Let’s say we have a CustomersController that, among other things, allows the user to send messages about a customer (by creating instances of a Message, let’s say). The relevant actions might be called new_message and create_message. This is maybe not that bad, but it clutters up the controller a little, and if you have enough custom actions on a controller then the controller can get pretty messy and hard to comprehend.
The solution
What I like to do in these scenarios is create a “custom” controller called e.g. CustomerMessagesController. There’s no database table called customer_messages or class called CustomerMessage. The concept of a “customer message” is just something I made up. But now that this idea exists, my CustomersController#new_message and CustomersController#create_message actions can become CustomerMessagesController#new and CustomerMessagesController#create. I find this much tidier.
And as long as I’m at it, I’ll even create a PORO (plain old Ruby object) called CustomerMessage where I can handle the business of creating a new customer message as not to clutter up either Customer or Message with this stuff which is really not all that relevant to either of those classes. I might put a create or create! method on CustomerMessage which creates the appropriate Message for me.
Furthermore, I’ll also often put include ActiveModel::Model into my PORO so that I can bind the PORO to a form as though it were a regular old Active Record model.
Namespaces
Pieces of code are easier to understand when they don’t require you to also understand other pieces of code as a prerequisite. To use an extreme example to illustrate the point, it would obviously be impossible to understand a program so tangled with dependencies that understanding any of it required understanding all of it.
So, anything we can do to allow small chunks of our programs understandable in isolation is typically going to make our program easier to work with.
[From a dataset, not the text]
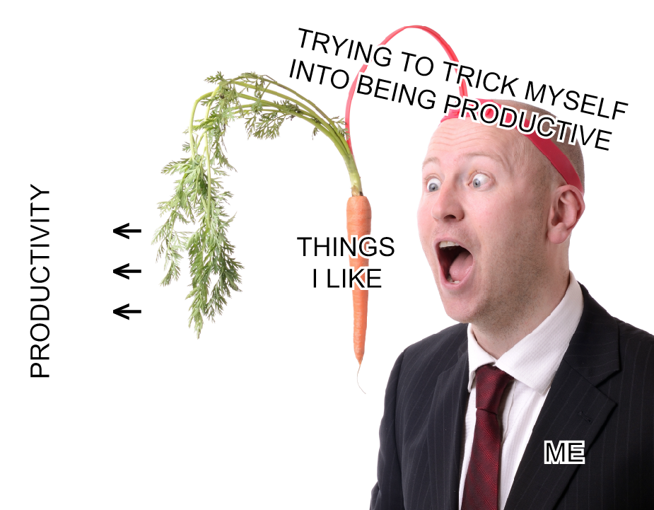 I’ve spent so many years of my life trying to figure out how to dangle a carrot in front of my own face, without me knowing that A) I put it there, and therefore B) I know how to get it. If I had a dime for every time I said to myself, “If I _______, I’ll let myself _______.” It’s so stupid, and I know it. Also, I’m kind of regretting the bdsm meme because now you’re just going to be thinking dirty thoughts throughout the rest of the blog post. Maybe this dumb dude will help:

Namespaces serve as a signal that certain parts of the application are more related to each other than they are to anything else. For example, in the application I work on at work, I have a namespace called Billing. I have another namespace called Schedule. A developer who’s new to the codebase could look at the Billing and Schedule namespaces and rightly assume that when they’re thinking about one, they can mostly ignore the other.
Contexts
Some of my models are sufficiently fundamental that it doesn’t make sense to put them into any particular namespace. I have a model called Appointment that’s like this. An Appointment is obviously a scheduling concern a lot of the time, but just as often it’s a clinical concern or a billing concern. An appointment can’t justifiably be “owned” by any one namespace.
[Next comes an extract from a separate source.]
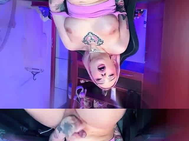 Tattood shemale tranny plays with ass during masturbation
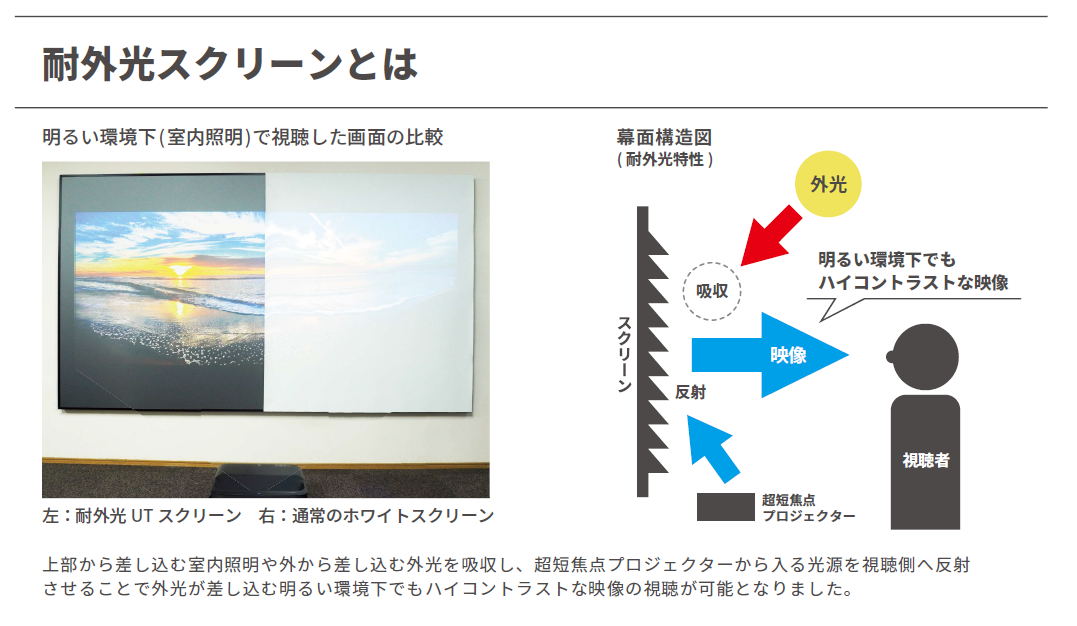 一番の特徴はレンティキュラー構造幕面により、余分な外光や照明光を幕面が吸収しプロジェクターの光源だけを視聴側へ反射させることで、明るい環境下においてもハイコントラストでクリアな映像をお楽しみいただけます。

This doesn’t mean I can’t still benefit from namespaces though. I have a controller called Billing::AppointmentsController which views appointments through a billing lens. I have another controller called Chart::AppointmentsController which views appointments through a clinical lens. For scheduling, we have two calendar views, one that shows one day at a time and one that shows one month at a time. So I have two controllers for that: Schedule::ByDayCalendar::AppointmentsController and Schedule::ByMonthCalendar::AppointmentsController. Imagine trying to cram all this stuff into a single AppointmentsController. This idea of having namespaced contexts for broad models has been very useful.
Models
I of course keep my models in app/models just like everybody else. What’s maybe a little less common is the way I conceive of models. I don’t just think of models as classes that inherit from ApplicationRecord. To me, a model is anything that models something.
So a lot of the models I keep in app/models are just POROs. According to a count I did while writing this post, I have 115 models in app/models that inherit from ApplicationRecord and 439 that don’t. So that’s about 20% Active Record models and 80% POROs.
ViewComponents
Thanks to the structural devices that Rails provides natively (controllers, models, views, concerns, etc.) combined with the structural devices I’ve imposed myself (namespaces, a custom model structure), I’ve found that most code in my Rails apps can easily be placed in a fitting home.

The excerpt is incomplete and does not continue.